Input data START

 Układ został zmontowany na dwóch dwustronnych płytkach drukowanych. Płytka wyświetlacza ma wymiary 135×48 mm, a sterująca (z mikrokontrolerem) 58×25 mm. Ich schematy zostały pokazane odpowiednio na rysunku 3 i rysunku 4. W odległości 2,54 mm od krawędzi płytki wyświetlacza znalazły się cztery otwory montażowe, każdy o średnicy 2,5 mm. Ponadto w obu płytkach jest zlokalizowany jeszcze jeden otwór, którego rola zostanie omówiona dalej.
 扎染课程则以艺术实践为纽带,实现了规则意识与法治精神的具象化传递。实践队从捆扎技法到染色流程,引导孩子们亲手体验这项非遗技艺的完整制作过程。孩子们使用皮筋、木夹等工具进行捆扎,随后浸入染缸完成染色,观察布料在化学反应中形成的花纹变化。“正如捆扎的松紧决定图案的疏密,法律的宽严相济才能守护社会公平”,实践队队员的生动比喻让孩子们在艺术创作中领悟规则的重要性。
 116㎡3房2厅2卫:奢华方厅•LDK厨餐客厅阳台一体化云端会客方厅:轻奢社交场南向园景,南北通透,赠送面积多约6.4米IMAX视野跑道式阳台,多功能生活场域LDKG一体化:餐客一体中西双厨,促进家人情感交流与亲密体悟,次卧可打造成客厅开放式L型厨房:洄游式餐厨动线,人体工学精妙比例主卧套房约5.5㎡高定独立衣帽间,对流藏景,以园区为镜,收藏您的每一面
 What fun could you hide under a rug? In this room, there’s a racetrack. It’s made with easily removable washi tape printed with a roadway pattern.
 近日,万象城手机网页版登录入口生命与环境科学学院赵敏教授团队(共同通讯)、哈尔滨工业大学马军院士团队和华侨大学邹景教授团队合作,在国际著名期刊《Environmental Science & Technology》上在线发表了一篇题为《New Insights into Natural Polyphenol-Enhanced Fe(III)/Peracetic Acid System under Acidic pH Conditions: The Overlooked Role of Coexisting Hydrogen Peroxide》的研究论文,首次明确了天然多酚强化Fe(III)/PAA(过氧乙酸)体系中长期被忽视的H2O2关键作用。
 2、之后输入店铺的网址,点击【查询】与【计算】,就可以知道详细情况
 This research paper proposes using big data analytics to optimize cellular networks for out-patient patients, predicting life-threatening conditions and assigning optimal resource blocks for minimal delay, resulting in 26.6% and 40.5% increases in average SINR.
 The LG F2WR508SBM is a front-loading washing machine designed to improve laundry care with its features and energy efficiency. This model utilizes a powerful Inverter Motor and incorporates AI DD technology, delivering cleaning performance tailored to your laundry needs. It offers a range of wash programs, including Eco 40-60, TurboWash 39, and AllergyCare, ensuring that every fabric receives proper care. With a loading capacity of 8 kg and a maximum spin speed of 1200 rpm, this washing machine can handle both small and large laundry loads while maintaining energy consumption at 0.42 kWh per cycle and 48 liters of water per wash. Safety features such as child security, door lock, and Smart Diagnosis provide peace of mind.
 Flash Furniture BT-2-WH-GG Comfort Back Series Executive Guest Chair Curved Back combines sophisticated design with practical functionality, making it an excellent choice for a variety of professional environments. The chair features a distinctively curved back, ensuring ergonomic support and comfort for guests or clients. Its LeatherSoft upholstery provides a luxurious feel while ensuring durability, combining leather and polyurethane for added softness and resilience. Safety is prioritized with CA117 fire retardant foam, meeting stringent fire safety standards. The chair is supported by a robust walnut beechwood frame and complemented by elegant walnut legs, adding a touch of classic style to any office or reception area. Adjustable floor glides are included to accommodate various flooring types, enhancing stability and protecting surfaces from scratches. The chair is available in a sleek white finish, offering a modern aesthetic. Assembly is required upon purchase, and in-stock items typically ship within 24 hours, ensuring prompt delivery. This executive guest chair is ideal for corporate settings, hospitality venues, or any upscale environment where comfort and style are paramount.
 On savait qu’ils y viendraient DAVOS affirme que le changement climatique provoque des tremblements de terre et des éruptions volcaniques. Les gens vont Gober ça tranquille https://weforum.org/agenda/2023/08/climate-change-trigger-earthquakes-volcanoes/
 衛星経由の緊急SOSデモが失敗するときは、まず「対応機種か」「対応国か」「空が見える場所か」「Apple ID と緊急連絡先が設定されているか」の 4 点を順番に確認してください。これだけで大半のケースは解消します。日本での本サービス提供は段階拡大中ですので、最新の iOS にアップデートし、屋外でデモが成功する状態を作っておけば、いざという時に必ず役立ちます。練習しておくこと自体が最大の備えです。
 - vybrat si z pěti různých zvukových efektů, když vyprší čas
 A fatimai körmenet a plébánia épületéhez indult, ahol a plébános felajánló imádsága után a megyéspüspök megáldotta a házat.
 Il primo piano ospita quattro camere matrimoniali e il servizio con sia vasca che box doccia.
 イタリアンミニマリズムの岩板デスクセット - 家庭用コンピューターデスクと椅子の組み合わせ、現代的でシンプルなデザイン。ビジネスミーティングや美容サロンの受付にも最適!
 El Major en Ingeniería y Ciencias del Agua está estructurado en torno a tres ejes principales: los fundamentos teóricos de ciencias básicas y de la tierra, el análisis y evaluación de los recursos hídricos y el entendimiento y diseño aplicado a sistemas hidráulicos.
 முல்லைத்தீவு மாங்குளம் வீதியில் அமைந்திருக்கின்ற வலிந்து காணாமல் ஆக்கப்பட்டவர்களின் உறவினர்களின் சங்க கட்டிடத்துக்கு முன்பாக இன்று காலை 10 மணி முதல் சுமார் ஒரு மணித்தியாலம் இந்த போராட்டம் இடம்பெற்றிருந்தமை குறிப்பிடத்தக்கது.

Input data END

◆ **Directions for this task**
Return every line of the entries above that the string "under" appears in.

◆ **Your solution**
 What fun could you hide under a rug? In this room, there’s a racetrack. It’s made with easily removable washi tape printed with a roadway pattern.
 近日,万象城手机网页版登录入口生命与环境科学学院赵敏教授团队(共同通讯)、哈尔滨工业大学马军院士团队和华侨大学邹景教授团队合作,在国际著名期刊《Environmental Science & Technology》上在线发表了一篇题为《New Insights into Natural Polyphenol-Enhanced Fe(III)/Peracetic Acid System under Acidic pH Conditions: The Overlooked Role of Coexisting Hydrogen Peroxide》的研究论文,首次明确了天然多酚强化Fe(III)/PAA(过氧乙酸)体系中长期被忽视的H2O2关键作用。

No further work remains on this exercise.